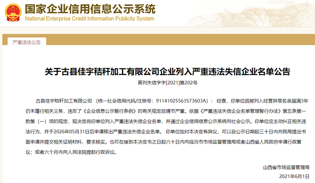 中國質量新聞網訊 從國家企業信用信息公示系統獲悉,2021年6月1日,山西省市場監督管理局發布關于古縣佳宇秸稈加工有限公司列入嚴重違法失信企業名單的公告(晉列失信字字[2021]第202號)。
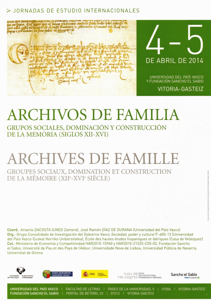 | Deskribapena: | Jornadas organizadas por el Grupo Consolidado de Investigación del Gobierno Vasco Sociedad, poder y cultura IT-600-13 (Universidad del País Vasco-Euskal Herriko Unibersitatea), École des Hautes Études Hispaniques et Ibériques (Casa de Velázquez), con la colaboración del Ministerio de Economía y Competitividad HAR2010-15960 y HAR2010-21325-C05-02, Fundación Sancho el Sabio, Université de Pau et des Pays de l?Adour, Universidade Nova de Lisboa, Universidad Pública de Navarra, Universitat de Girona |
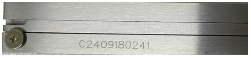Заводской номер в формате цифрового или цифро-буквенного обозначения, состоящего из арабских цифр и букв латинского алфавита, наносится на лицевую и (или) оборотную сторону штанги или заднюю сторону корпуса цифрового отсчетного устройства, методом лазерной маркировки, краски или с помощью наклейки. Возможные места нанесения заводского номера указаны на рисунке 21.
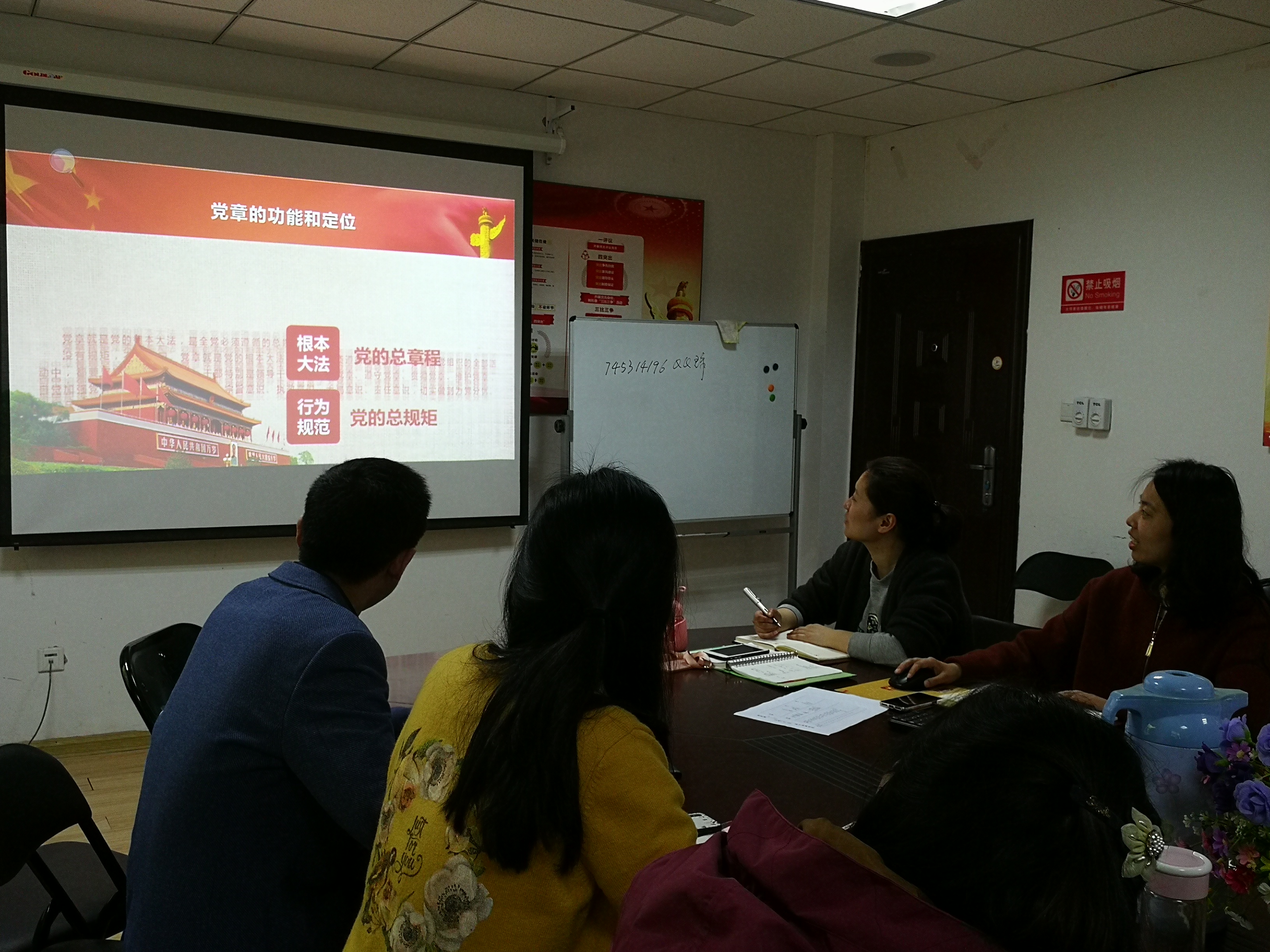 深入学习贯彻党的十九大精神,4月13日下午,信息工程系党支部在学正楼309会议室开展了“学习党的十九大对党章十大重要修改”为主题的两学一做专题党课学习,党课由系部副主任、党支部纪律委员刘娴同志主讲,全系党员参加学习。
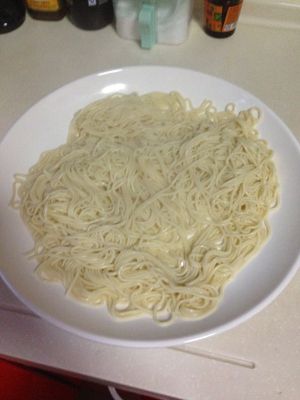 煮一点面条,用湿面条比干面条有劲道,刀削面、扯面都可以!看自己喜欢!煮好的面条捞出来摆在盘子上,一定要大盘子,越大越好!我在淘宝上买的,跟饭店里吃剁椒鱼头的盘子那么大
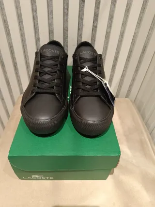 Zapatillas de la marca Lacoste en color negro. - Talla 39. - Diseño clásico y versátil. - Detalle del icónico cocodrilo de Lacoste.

*****

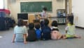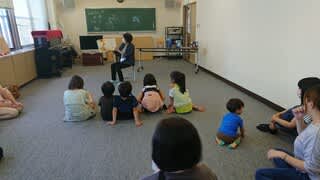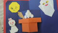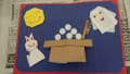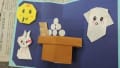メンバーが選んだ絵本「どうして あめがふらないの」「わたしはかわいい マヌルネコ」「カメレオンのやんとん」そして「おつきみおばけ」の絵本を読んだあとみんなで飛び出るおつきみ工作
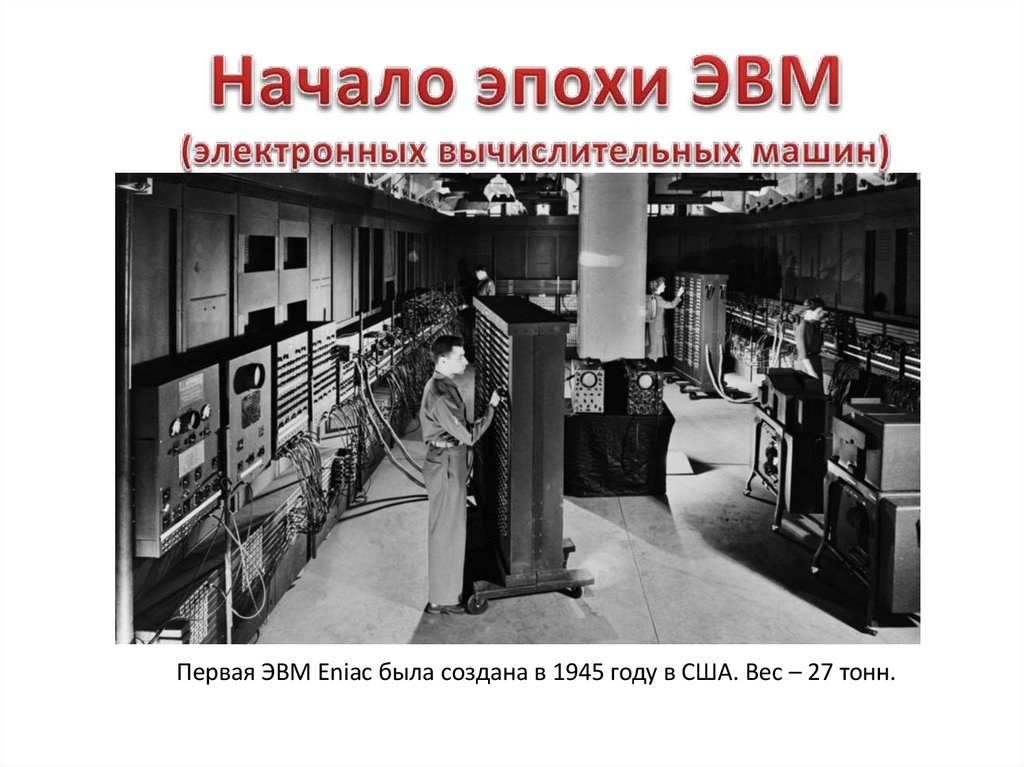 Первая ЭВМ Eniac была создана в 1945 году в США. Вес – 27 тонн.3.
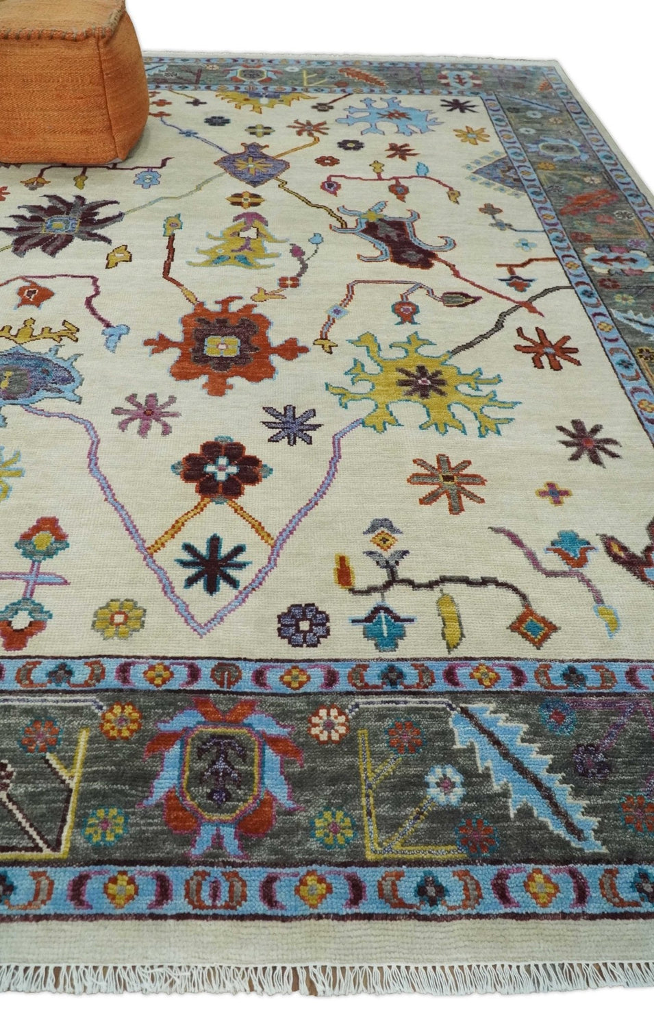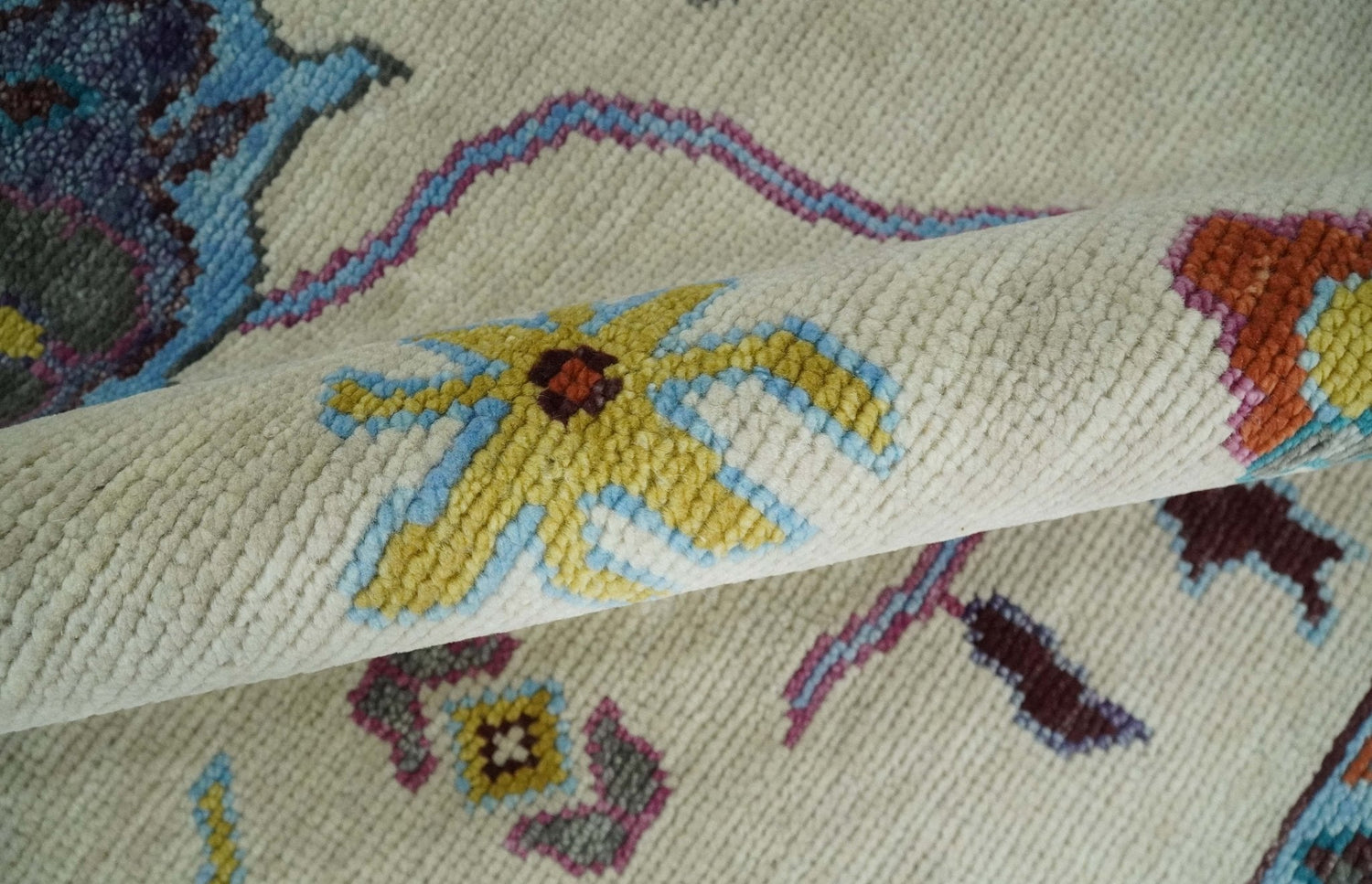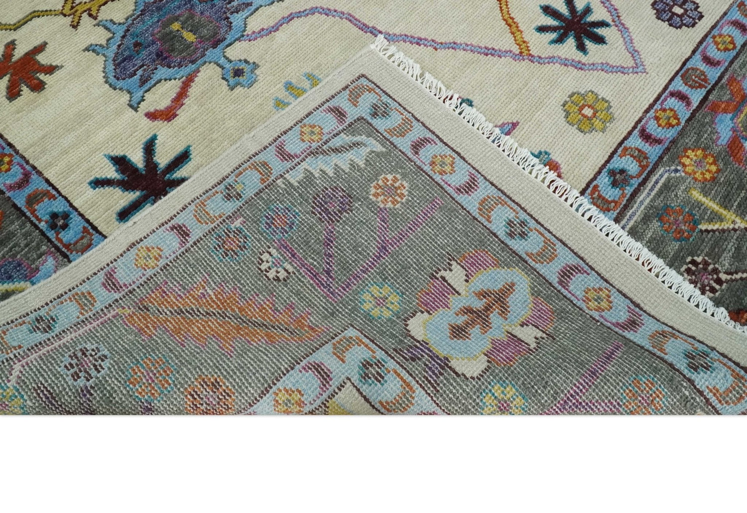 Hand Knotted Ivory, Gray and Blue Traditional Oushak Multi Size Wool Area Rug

*****

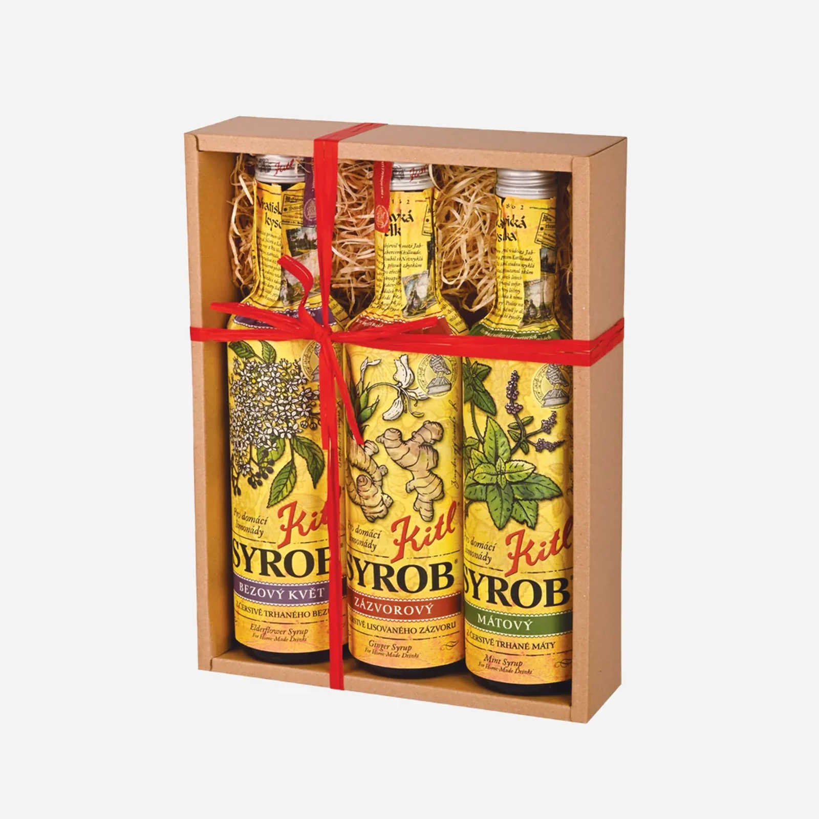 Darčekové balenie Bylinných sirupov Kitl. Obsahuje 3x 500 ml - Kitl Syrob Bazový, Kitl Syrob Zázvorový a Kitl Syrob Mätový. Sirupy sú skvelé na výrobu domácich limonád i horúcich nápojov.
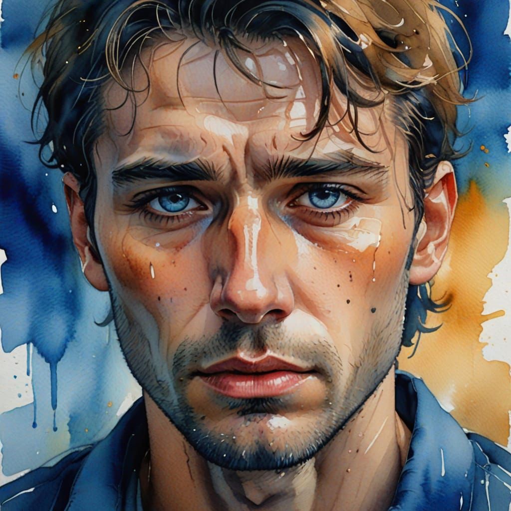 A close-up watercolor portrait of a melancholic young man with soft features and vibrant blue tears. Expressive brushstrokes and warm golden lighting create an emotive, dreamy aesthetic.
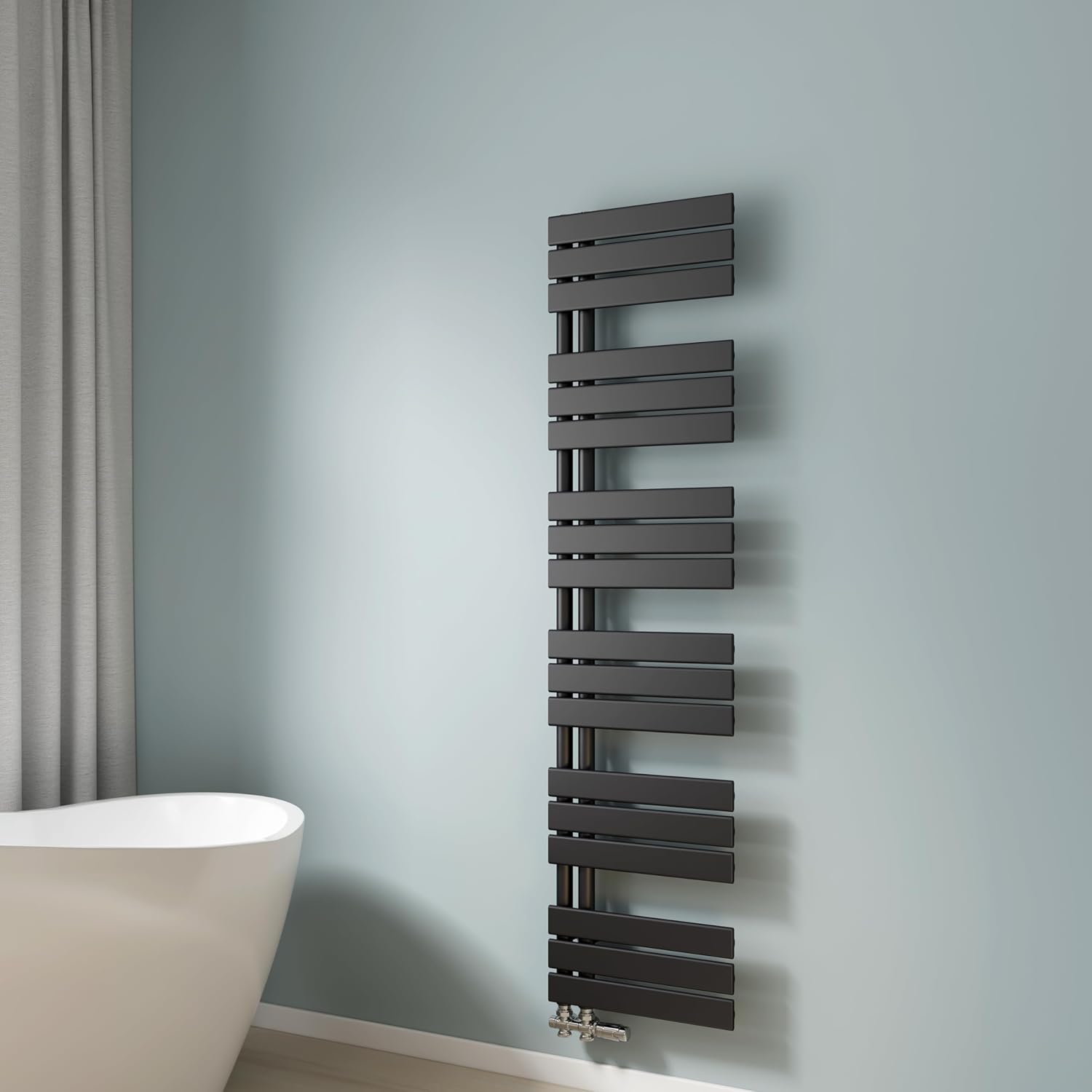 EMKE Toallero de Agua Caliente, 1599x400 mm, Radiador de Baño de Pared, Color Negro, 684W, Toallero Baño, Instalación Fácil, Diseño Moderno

*****

Work item: Reproduce the data above exactly, but only the lines from the one showing "中國質量新聞網訊 從國家企業" through the one showing "Zapatillas de la", with both ends kept and the pictures left out.

Expected output:
 中國質量新聞網訊 從國家企業信用信息公示系統獲悉,2021年6月1日,山西省市場監督管理局發布關于古縣佳宇秸稈加工有限公司列入嚴重違法失信企業名單的公告(晉列失信字字[2021]第202號)。
 | Deskribapena: | Jornadas organizadas por el Grupo Consolidado de Investigación del Gobierno Vasco Sociedad, poder y cultura IT-600-13 (Universidad del País Vasco-Euskal Herriko Unibersitatea), École des Hautes Études Hispaniques et Ibériques (Casa de Velázquez), con la colaboración del Ministerio de Economía y Competitividad HAR2010-15960 y HAR2010-21325-C05-02, Fundación Sancho el Sabio, Université de Pau et des Pays de l?Adour, Universidade Nova de Lisboa, Universidad Pública de Navarra, Universitat de Girona |
Заводской номер в формате цифрового или цифро-буквенного обозначения, состоящего из арабских цифр и букв латинского алфавита, наносится на лицевую и (или) оборотную сторону штанги или заднюю сторону корпуса цифрового отсчетного устройства, методом лазерной маркировки, краски или с помощью наклейки. Возможные места нанесения заводского номера указаны на рисунке 21.
 深入学习贯彻党的十九大精神,4月13日下午,信息工程系党支部在学正楼309会议室开展了“学习党的十九大对党章十大重要修改”为主题的两学一做专题党课学习,党课由系部副主任、党支部纪律委员刘娴同志主讲,全系党员参加学习。
 煮一点面条,用湿面条比干面条有劲道,刀削面、扯面都可以!看自己喜欢!煮好的面条捞出来摆在盘子上,一定要大盘子,越大越好!我在淘宝上买的,跟饭店里吃剁椒鱼头的盘子那么大
 Zapatillas de la marca Lacoste en color negro. - Talla 39. - Diseño clásico y versátil. - Detalle del icónico cocodrilo de Lacoste.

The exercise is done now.